Weybourne’s former parcel’s office houses a small souvenir shop and buffet which is usually open from 9:30–16:30. A railway bookshop in the old stationmaster’s office sells new and second-hand books between 9:30-15:30 on most days.
An accessible toilet and baby changing facilities are in the former lamp room at the Holt end of the building.

==Service==
The heritage railway is open on most days between April and October, with some additional events over the winter period such as the Santa Specials.
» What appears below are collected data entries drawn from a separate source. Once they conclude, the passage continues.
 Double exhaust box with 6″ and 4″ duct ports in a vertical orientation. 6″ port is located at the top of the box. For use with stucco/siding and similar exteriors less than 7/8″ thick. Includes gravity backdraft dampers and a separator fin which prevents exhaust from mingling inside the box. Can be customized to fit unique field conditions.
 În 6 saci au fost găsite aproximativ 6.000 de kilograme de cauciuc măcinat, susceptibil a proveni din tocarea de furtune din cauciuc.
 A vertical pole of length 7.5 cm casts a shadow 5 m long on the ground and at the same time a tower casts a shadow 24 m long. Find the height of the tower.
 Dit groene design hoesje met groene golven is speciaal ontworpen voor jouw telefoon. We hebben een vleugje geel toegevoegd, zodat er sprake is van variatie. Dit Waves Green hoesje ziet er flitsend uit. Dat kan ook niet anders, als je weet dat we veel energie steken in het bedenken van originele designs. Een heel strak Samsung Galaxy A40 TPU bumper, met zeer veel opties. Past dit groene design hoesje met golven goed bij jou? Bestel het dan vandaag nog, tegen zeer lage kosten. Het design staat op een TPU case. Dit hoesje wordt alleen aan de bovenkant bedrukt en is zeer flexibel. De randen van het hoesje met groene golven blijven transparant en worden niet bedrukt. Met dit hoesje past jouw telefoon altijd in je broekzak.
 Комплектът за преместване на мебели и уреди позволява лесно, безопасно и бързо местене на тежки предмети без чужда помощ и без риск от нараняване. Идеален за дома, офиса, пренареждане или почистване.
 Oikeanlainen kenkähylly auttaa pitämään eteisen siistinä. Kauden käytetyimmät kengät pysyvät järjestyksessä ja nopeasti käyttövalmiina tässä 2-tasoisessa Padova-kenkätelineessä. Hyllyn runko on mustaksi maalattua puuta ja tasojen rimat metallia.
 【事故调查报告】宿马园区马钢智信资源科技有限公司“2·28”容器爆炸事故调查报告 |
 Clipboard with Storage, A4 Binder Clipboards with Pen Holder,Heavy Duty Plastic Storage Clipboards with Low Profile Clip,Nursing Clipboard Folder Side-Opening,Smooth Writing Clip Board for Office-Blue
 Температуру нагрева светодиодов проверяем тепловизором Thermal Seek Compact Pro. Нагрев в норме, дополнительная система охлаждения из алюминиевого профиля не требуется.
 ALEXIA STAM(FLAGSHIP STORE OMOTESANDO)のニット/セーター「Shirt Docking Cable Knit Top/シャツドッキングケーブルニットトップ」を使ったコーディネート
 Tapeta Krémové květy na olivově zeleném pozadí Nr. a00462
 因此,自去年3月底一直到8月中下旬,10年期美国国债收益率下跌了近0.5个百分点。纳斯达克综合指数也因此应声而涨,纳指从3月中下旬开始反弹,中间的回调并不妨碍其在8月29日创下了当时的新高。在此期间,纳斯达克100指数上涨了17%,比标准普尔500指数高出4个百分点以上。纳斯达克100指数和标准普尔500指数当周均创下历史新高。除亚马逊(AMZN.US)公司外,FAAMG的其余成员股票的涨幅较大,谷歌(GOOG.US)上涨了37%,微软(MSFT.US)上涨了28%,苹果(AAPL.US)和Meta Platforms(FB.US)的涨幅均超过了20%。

The timetable varies throughout the year, with eight services in each direction on the green summer off-peak and up to twelve in the maroon summer peak.

| Preceding station | Heritage railways |  |  | Following station |
| Kelling Heath Park towards Holt |  | North Norfolk Railway |  | Sheringham Terminus |
Disused railways
| Holt Line and station closed |  | Midland and Great Northern Cromer Branch |  | Sheringham Line and station open |
Future services
| Holt Line and station closed |  | Norfolk Orbital Railway North Norfolk Railway |  | Sheringham Line and station open |

==Media appearances==
Weybourne railway station (as well as the NNR itself) has been used for filming and on-screen TV appearances, including:
- Walmington-on-Sea railway station in the Dad's Army episode "The Royal Train"
- Thruxton in "A Warning to the Curious" in the BBC's 1972 A Ghost Story for Christmas offering
- Crimpton-on-Sea railway station in the BBC TV sitcom Hi-de-Hi!
- Clayfield railway station in the opening episode of Backs to the Land
- The 1985 adaptation of The Moving Finger.